Magnetohydrodynamic Three-Dimensional Couette Flow of a Maxwell Fluid with Periodic Injection/Suction

1Department of Mathematics and Statistics, Riphah International University, Sector I-14, Islamabad, Pakistan
2COMSATS Institute of Information Technology, Kamra Road, Attock 43600, Pakistan

Correspondence should be addressed to Y. Ali; moc.liamg@5risayr

Received 26 December 2016; Accepted 14 March 2017; Published 13 April 2017

Academic Editor: Eusebio Valero

Copyright © 2017 Y. Ali et al. This is an open access article distributed under the Creative Commons Attribution License, which permits unrestricted use, distribution, and reproduction in any medium, provided the original work is properly cited.

Abstract

A mathematical model for magnetohydrodynamic (MHD) three-dimensional Couette flow of an incompressible Maxwell fluid is developed and analyzed theoretically.
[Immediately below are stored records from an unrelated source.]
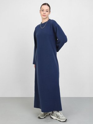 Benin Yumuşak Dokulu Selanik Oversize Elbise Koyu Gece
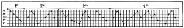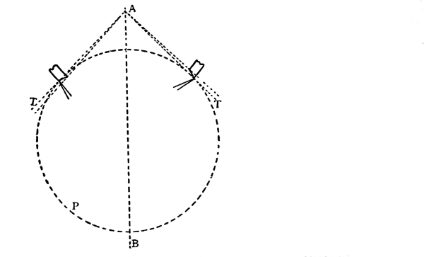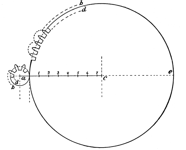 Now we will apply these figures to our pendulum. A body falling in vacuo, in London, moves 32.2 feet in one second. This distance has by common consent among mathematicians been designated as g. The circumference of a circle equals 3.1416 times its diameter. This is represented as π. Now, if we call the time t, we shall have the formula:
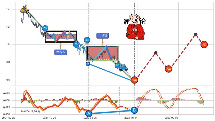 ➢ 【中枢B】:2022-05-12-2022-07-15,中枢由3笔构成,共45交易日, ZG=0.9800, ZD=0.8300
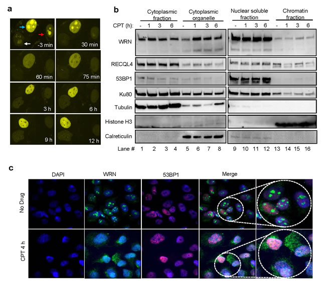 Figure 2: CPT-induced re-localization of WRN. a. Dynamic distribution of YFP-WRN in CPT-treated cells. Live cell time-lapse micrographs from CPT (10 µM) treated U2OS cells stably expressing YFP-WRN. Arrows point the nucleus of YFP-WRN expressing cells. b. WRN distribution in the subcellular compartments. Immunoblots indicating the relative levels of WRN in the cytoplasmic, cytoplasmic organelle, nuclear soluble and chromatin fractions of U2OS cells treated with and without CPT. Time indicate the length of the exposure to CPT. c. Enrichment of endogenous WRN in the cytoplasm. Confocal microphotographs showing WRN and 53BP1 localization in U2OS cells treated with CPT. Representative images from two independent experiments. Microscope images were taken with 40X objective.
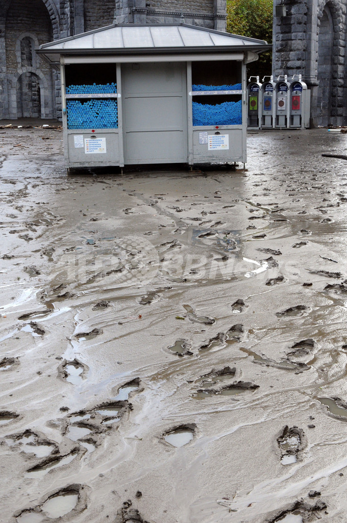 【10月22日 AFP】キリスト教カトリックの聖地「ルルドの泉」で有名なフランス南西部の町ルルド(Lourdes)で20日、長雨による洪水が発生し、巡礼者ら450人以上が避難する事態となった。水は21日になって引き始め、商店などでは週明けからの営業再開に向けて片付けを急ぐ姿が見られた。だが、聖母マリアが現れたという「マッサビエルの洞窟(Massabielle Cave)」周辺は冠水したままで、町内を流れるポー川(Gave de Pau)の沿道も10センチメートルもの泥に覆われるなど、ただでさえユーロ危機のあおりを受けている町にとっては手痛い被害となっている。
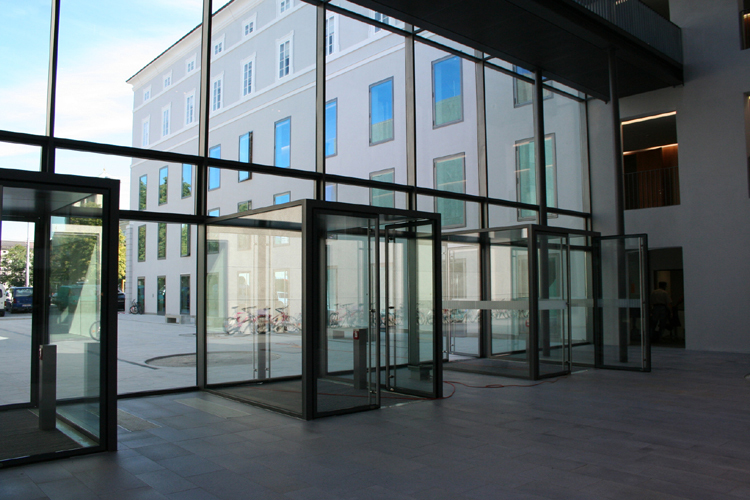 Städtebaulich konnte durch den Rückbau ganzer Gebäudeteile der bestehende Komplex geöffnet werden. Es entstand ein Entree, das den Ansprüchen einer Universität entspricht. Gliederung und Kubaturen nehmen den Maßstab der Umgebung auf. Der Stadtraum Mirabellplatz wird in das Gebäude hineingeführt. Im Gegenzug öffnet sich das neue Haus zur Stadt. Öffentlicher, halböffentlicher und universitärer Raum kommunizieren miteinander bis in den Mirabellgarten.
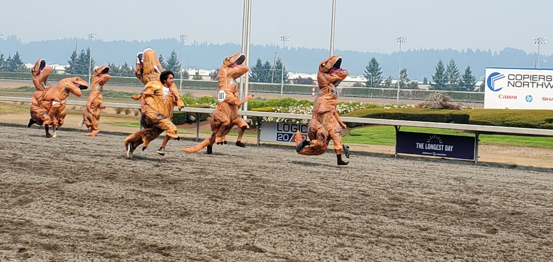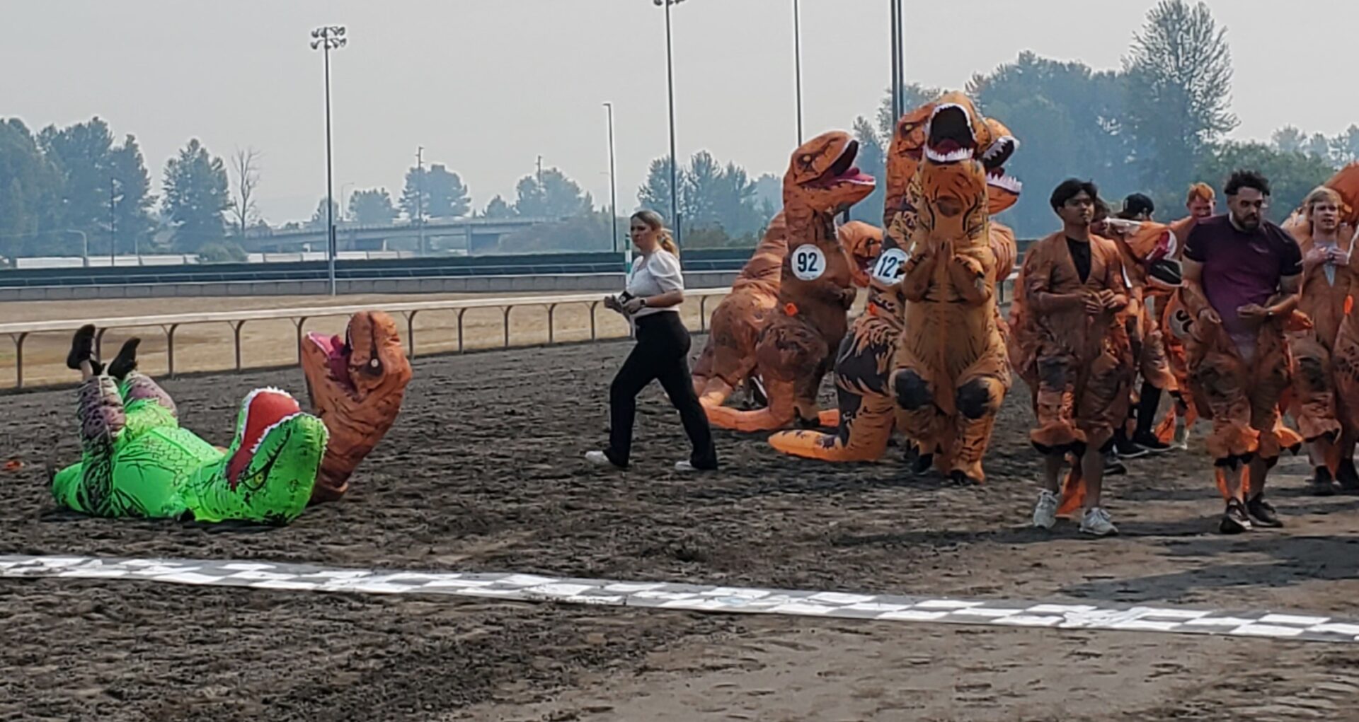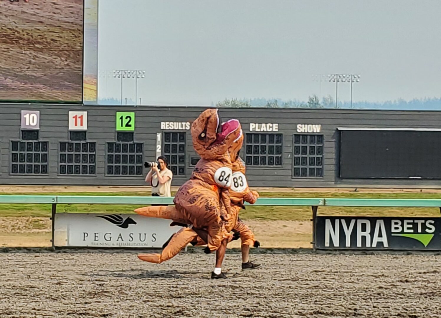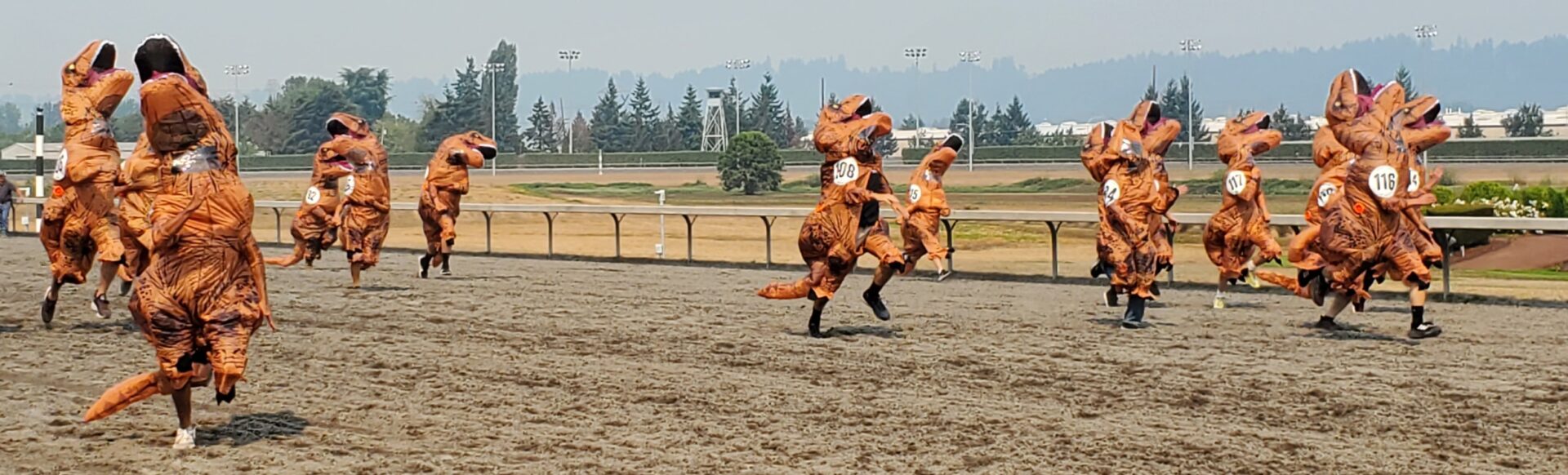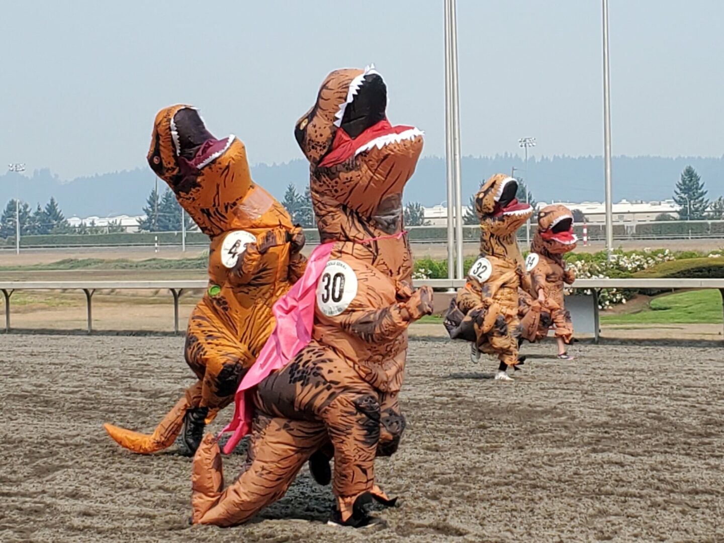 The T-Rex “World Championships” were run this weekend at Emerald Downs, Track President Phil Ziegler declared it was the 1st World Championships held since the last ones 65-million years ago! There was a kids race and the 8 heats of adult qualifying runs leading up to the “World Championship”!
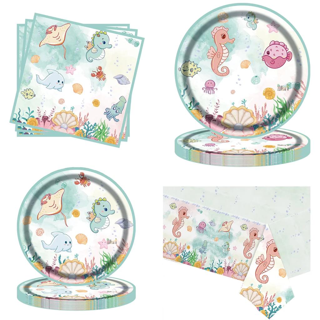 Under The Sea Party Disposable Tableware Sets Ocean Animals Seahorse Jellyfish Paper Dishes Kids Happy Birthday Party Supplies
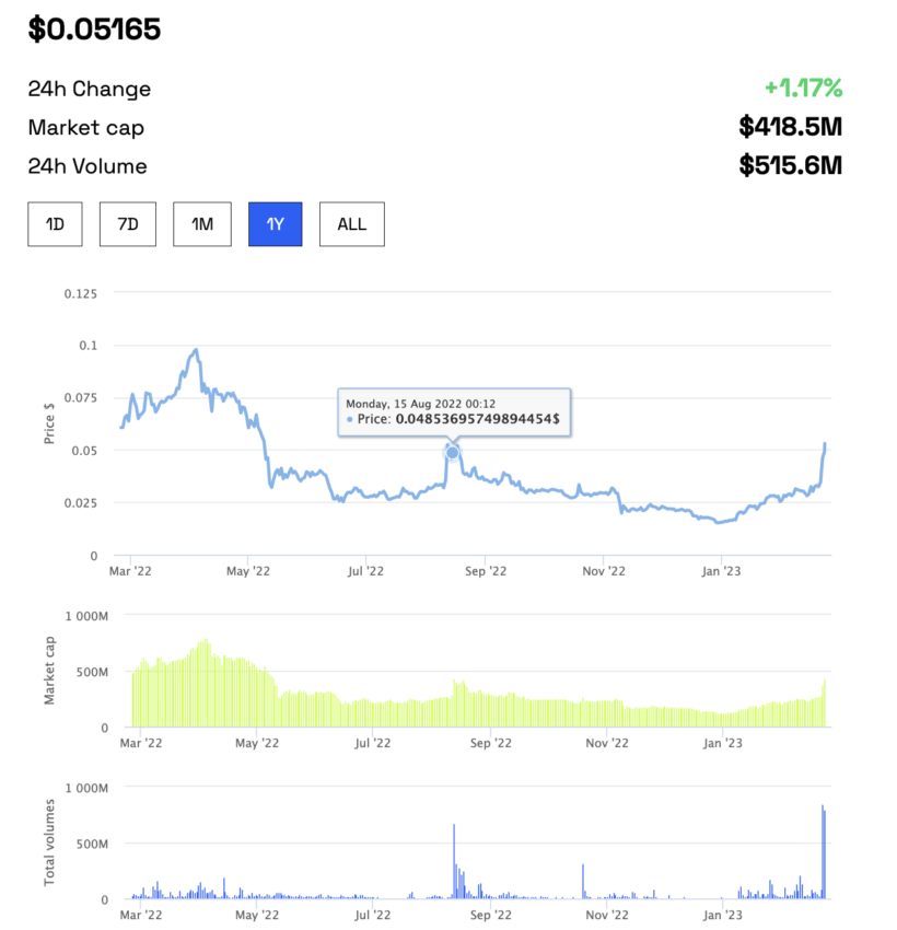 Mọi thứ trở nên thú vị nếu chúng ta nhìn vào biểu đồ giá ANKR hàng năm. Mặc dù giá vẫn đang cố gắng vượt qua mức cao nhất vào tháng 8/2022, nhưng cần ghi nhận là khối lượng giao dịch hiện tại là cao nhất từ trước đến nay so với cùng kỳ năm ngoái. Và mặc dù điều này nghe có vẻ lạc quan nếu xét về tính thanh khoản ngày càng tăng và sự chú ý mà ANKR đang nhận được, nhưng việc giảm hoạt động giao dịch được cho là tín hiệu cho xu hướng giá giảm.
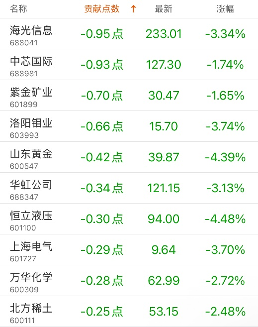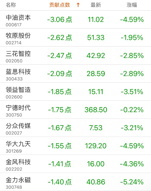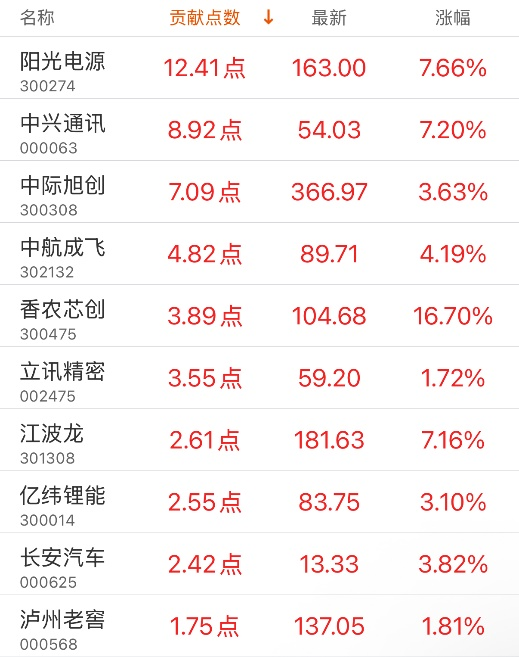 指数贡献榜:阳光电源贡献12.41点
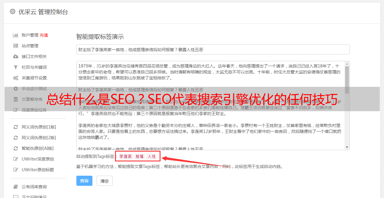 优采云 发布时间: 2021-07-12 03:05总结什么是SEO?SEO代表搜索引擎优化的任何技巧
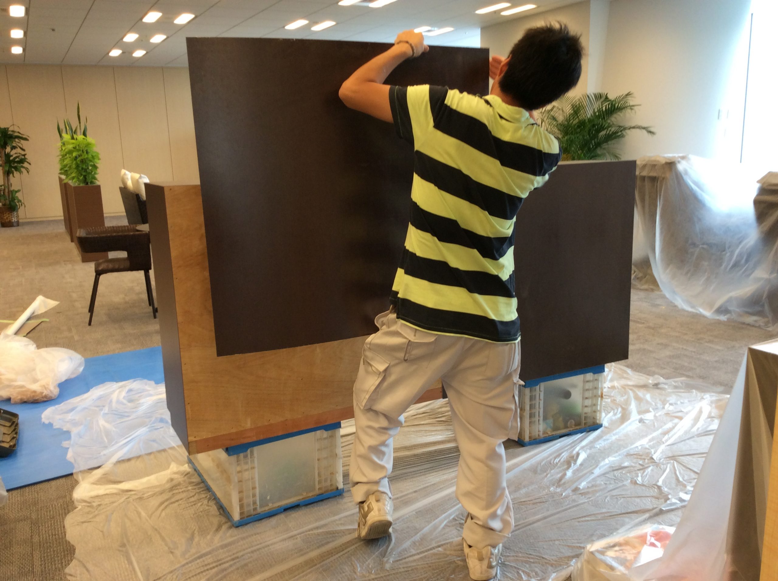今回位置を移動することで背面にメラミン材を貼りました。

The application of transverse sinusoidal injection at the lower stationary plate and its equivalent removal by suction through the uniformly moving upper plate lead to three-dimensional flow. Approximate solutions for velocity field, pressure, and skin friction are obtained. The effects of flow parameters such as Hartmann number, Reynolds number, suction/injection parameter, and the Deborah number on velocity components, skin friction factors along main flow direction and transverse direction, and pressure through parallel porous plates are discussed graphically. It is noted that Hartmann number provides a mechanism to control the skin friction component along the main flow direction.